Toxic truths: eight ways to avoid environmental toxins
We know the rules for a healthy lifestyle – more vegetables, more exercise, less alcohol and definitely no tobacco. But should ‘reduce your exposure to toxic environmental chemicals’ join the list too?
Yes, says Dr Marc Cohen, Professor of Complementary Medicine at RMIT University and a medical doctor who believes the potential threat from environmental chemicals in food, plastics and other products should be part of the conversation about disease prevention.
“A lot of people are unaware that these chemicals are a problem and assume that if something is on our shelves it’s safe – but that’s not always the case,” says Cohen.
The hidden dangers in packaging
The chemicals he’s talking about include pesticides, BPA (bisphenol A) – found in plastic food and drink containers, the plastic linings of canned food and in thermal cash register receipts – as well as pthalates found in a range of consumer products from food packaging to personal care products and children’s toys.
BPA and pthalates are endocrine disrupting chemicals (EDCs) meaning they can affect hormones including those that influence reproduction and weight. Then there are flame retardants – EDCs found in everyday items like furniture, electronics and car seats which some studies have linked to lower IQ and ADHD in children.

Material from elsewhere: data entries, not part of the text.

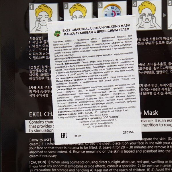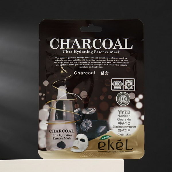 Маска-салфетка для лица с древестным углем, EKEL, 25 мл./В упаковке шт: 2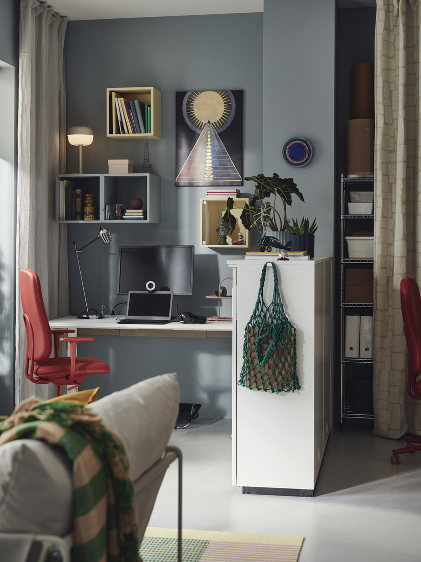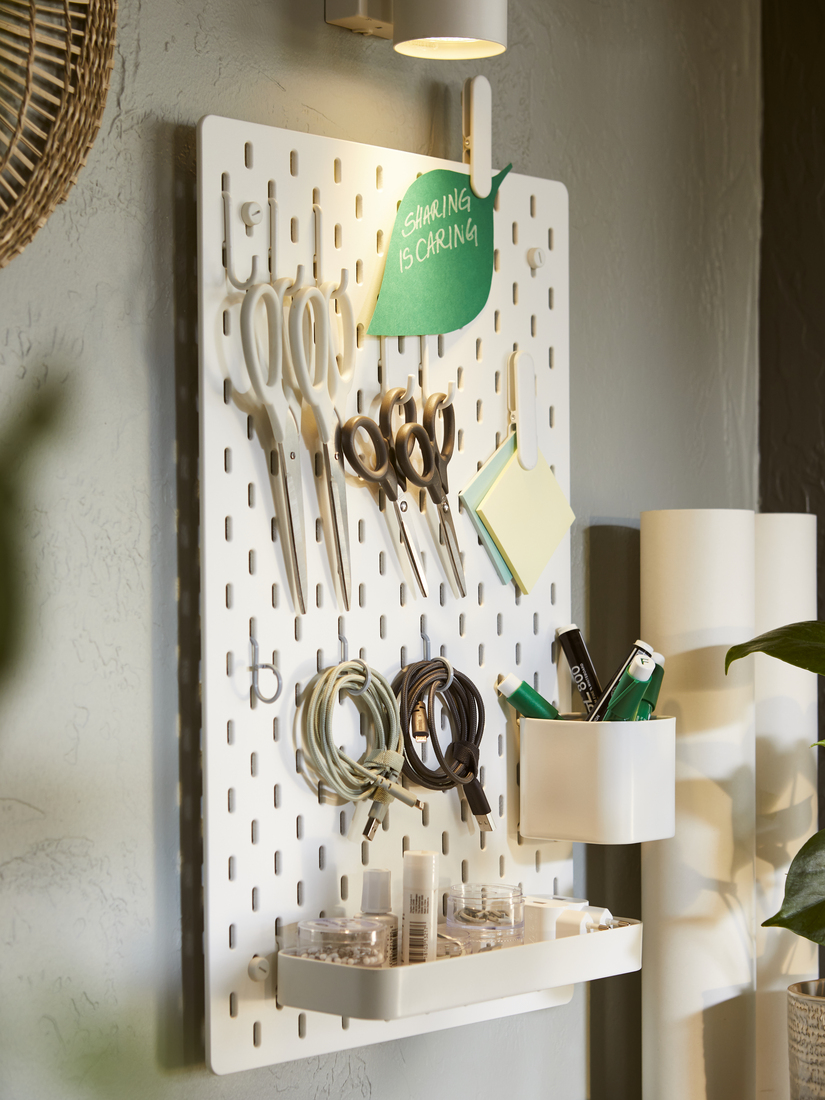 A multitasking SKÅDIS pegboard on the wall can be decorative and functional, whether there’s a need (and room) for just one or several side by side. Customise with accessories like clips, hooks, shelves, containers and baskets for out-in-the-open, out-of-the-way order. Can a pegboard be employee of the month?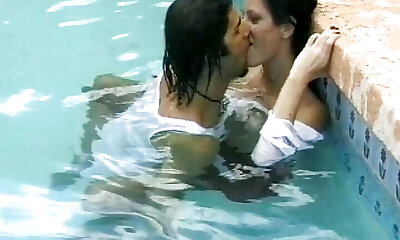 Skinny nymph at the pool nature is engaged in classic orgy...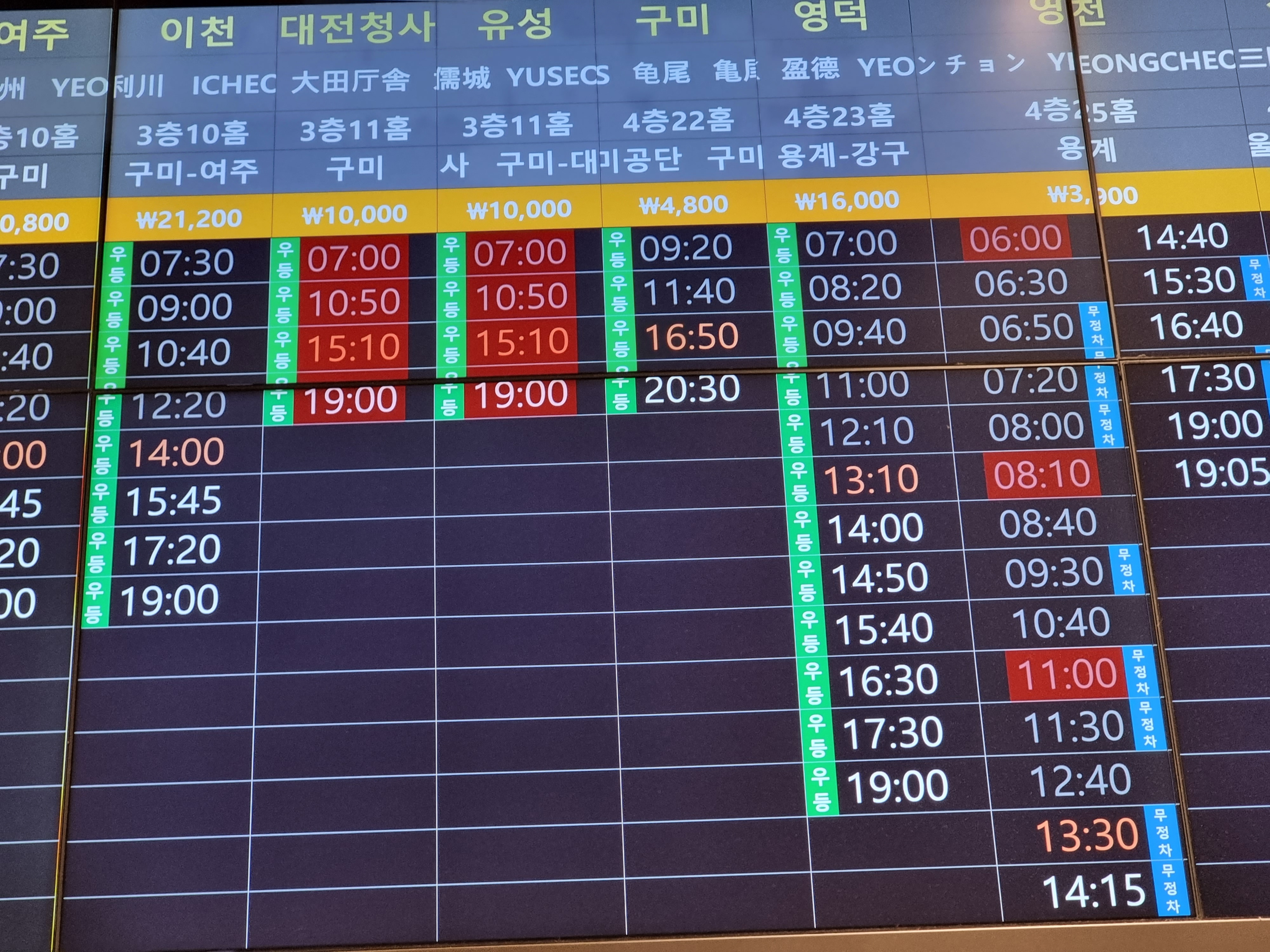 동대구 터미널에서 평택가는 버스는 하루에 3편이 운행되는데 막차는 18시에 동대구를 출발한다.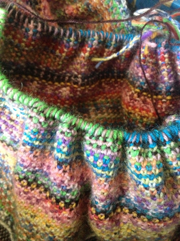 Parcel is now at the point where I need to figure out how many stitches I have. Because I didn’t follow the pattern (because I didn’t read the instructions properly) I now need to decrease sharply, or do some maths.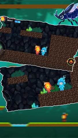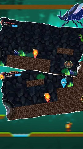 2、穿越森林,避开或消灭怪物,帮助红火人找到蓝冰人,一起安全回家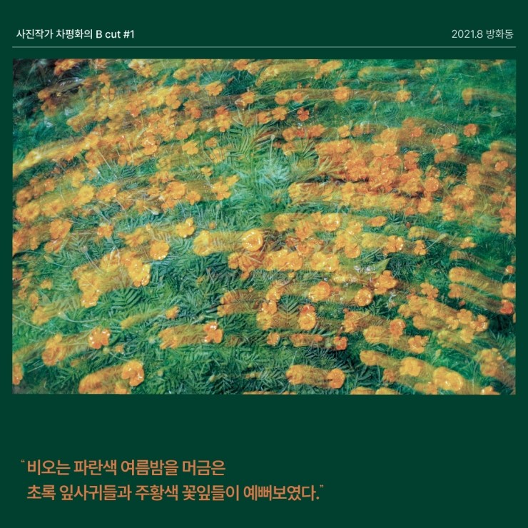 차평화@filmofpeace 차평화의 B cut #1"비오는 파란색 여름밤을 머금은 초록 잎사귀들과 주황색 꽃잎들이 예뻐보였다."

But avoiding these chemicals isn’t as simple as, say, avoiding foods high in added sugar. There’s no handy ingredient list on a sofa declaring what its levels of flame retardants are – and it’s not until you open a can of tomatoes that you know whether it’s plastic lined and therefore likely to contain BPA.
It’s also a grey area with many unanswered questions including what’s a harmful dose and who’s most at risk says Cohen, who spoke about the impact of toxic chemicals at the Anti-Ageing and Aesthetic Medicine Conference held in Melbourne at the weekend.

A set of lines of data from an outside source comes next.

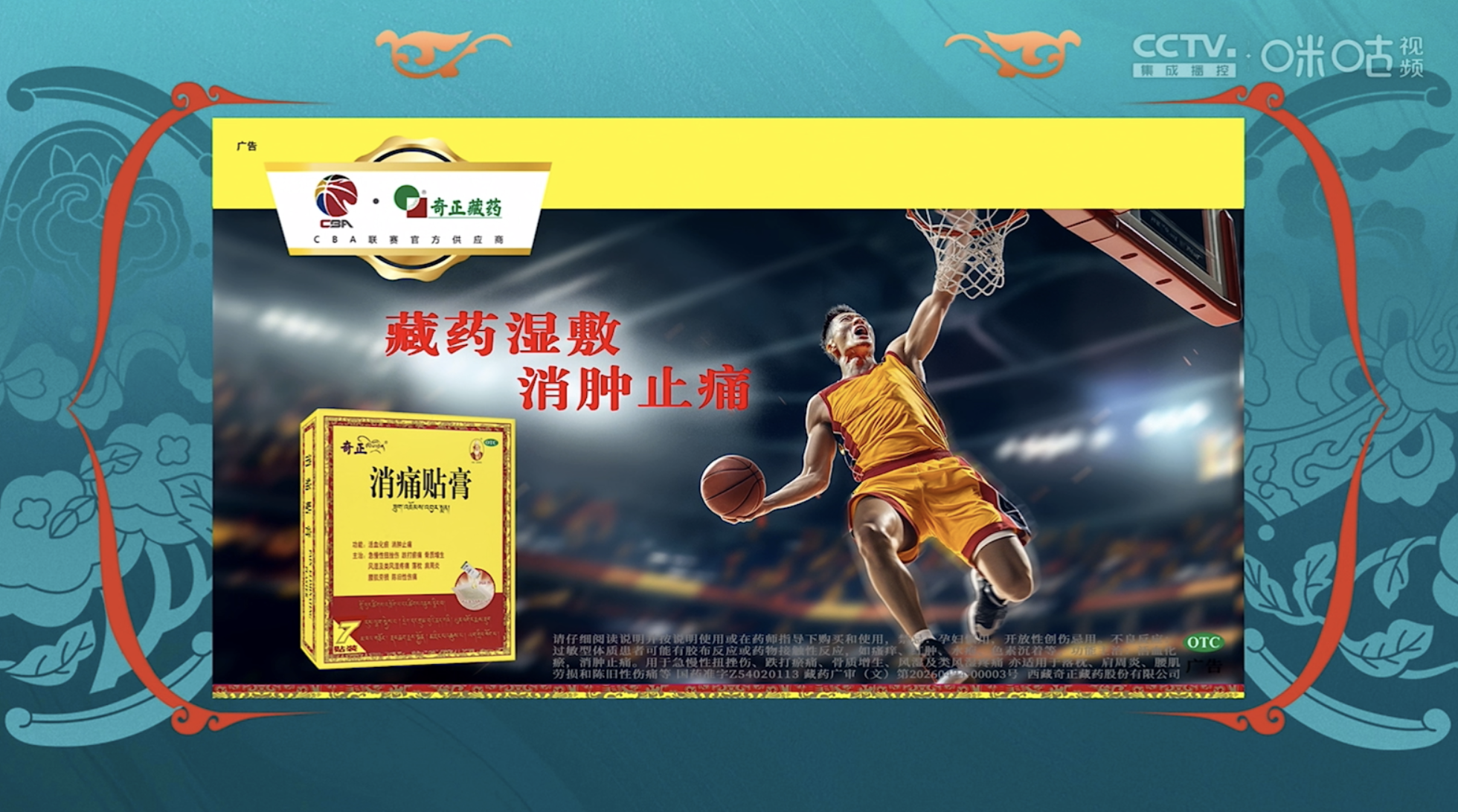 随着全民健身热潮的兴起,健康消费从“被动治疗”转向“主动管理”,运动人群对运动损伤预防与治疗的需求激增。奇正藏药瞄准中青年运动人群的刚需场景,携手咪咕CBA,以顶级体育赛事为支点,开创“体育健康生态”新场景。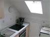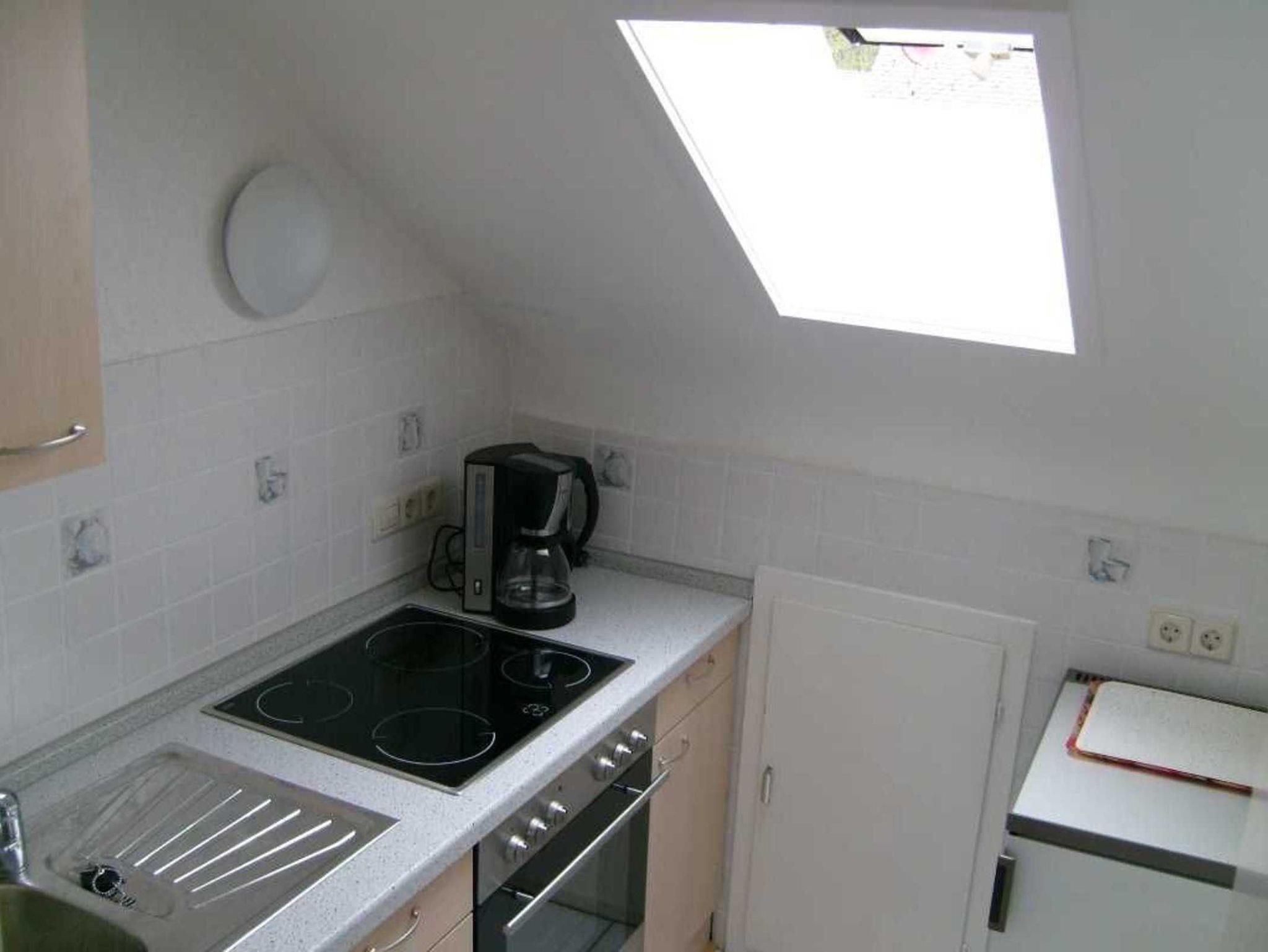 kleine Einbauküche mit Elektroherd , Kühlschrank mit Gefrierfach .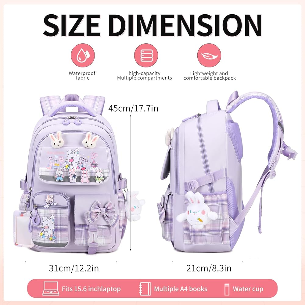THE GIRLS BOOKBAG MEASUREMENT: 12.20" x8.3" x 17.7" (L*W*H) inches, weighs 1.4LB., one separate laptop compartment holds a 15.6" laptop, main compartment holds books, binders and lunches box. The backpack is designed with multiple storage pockets on the front and sides, which can be used to store wallets, keys,Text Books,Lunch Box School,Umbrella, Basic Essentials all Can Be Fited, allowing you to better organize all your small things.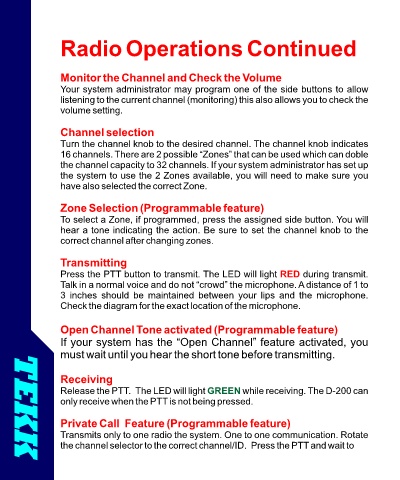 Release the PTT. The LED will light GREEN while receiving. The D-200 can

“Regulations around the safety of environmental chemicals assume that the size of the dose determines the risk but with endocrine disruptors we now know that even a small dose below recognised safety levels can have a significant effect, “ he says.
“Then there’s the timing of the dose – some hazardous chemicals can have more of an effect on small children, for instance. There’s also the impact of genes which can influence how well – or not – your body detoxifies these different chemicals. ”
It’s not just Cohen who’s concerned. Organisations like the World Health Organisation and the Endocrine Society, the organisation of specialists treating hormone-related disorders, make it clear that many environmental chemicals are a problem for human health.
In 2012 the WHO State of the Science of Endocrine Disrupting Chemicals Report described EDCs as a ‘global threat that needs to be resolved’ because they can interfere with the development and function of organs and tissues.
A statement last year from the Endocrine Society said that the growing evidence for the effects of EDCs leaves no doubt that they contribute to rising rates of chronic disease including obesity and type 2 diabetes.
“But there are a number of studies that show it’s possible to reduce exposure – one US study found that when families ate fresh organic food for three days, their levels of BPA dropped by 66 per cent and their levels of phthalates by 55 per cent,” Cohen says.
- Buy products packaged in non- plastic containers. This isn’t always easy – even whole foods like yoghurt come in plastic but, where possible, favour products packaged in glass, cardboard or paper or better still, products with no packaging.
- Learn to cook. Eating more fresh food and less highly processed food automatically reduces the amount of food you eat that’s packaged in plastic.
- Eat more organic food. Cohen’s own research in adults found that after just one week on a diet made up of 80 per cent organic food there was a 90 per cent reduction in urinary output of organophosphate residues. Not everyone can afford a diet that’s mostly organic so Cohen suggests buying organic when it comes to produce that’s heavily sprayed such as leaves and berries and favouring organic animal products like meat and dairy. “Toxic chemicals magnify up the food chain so they accumulate in animals,” he says.
- Avoid using plastic in a microwave – use microwavable ceramic or glass containers.
- Avoid plastic drinking bottles; use food storage containers made of glass, not plastic. BPA-free labels on plastic bottles and food containers aren’t necessarily reassuring. There’s evidence that a BPA substitute – Bisphenol S – may be problematic too.
- Wash hands frequently. Flame retardant chemicals can end up in household dust.
- Avoid personal care products containing artificial fragrance or ‘parfum’. They are likely to contain phthalates.
- Keep plastic out of the nursery. A child’s world is full of plastic, points out Cohen – opt for more wooden toys and non-plastic cups, bottles and dishes.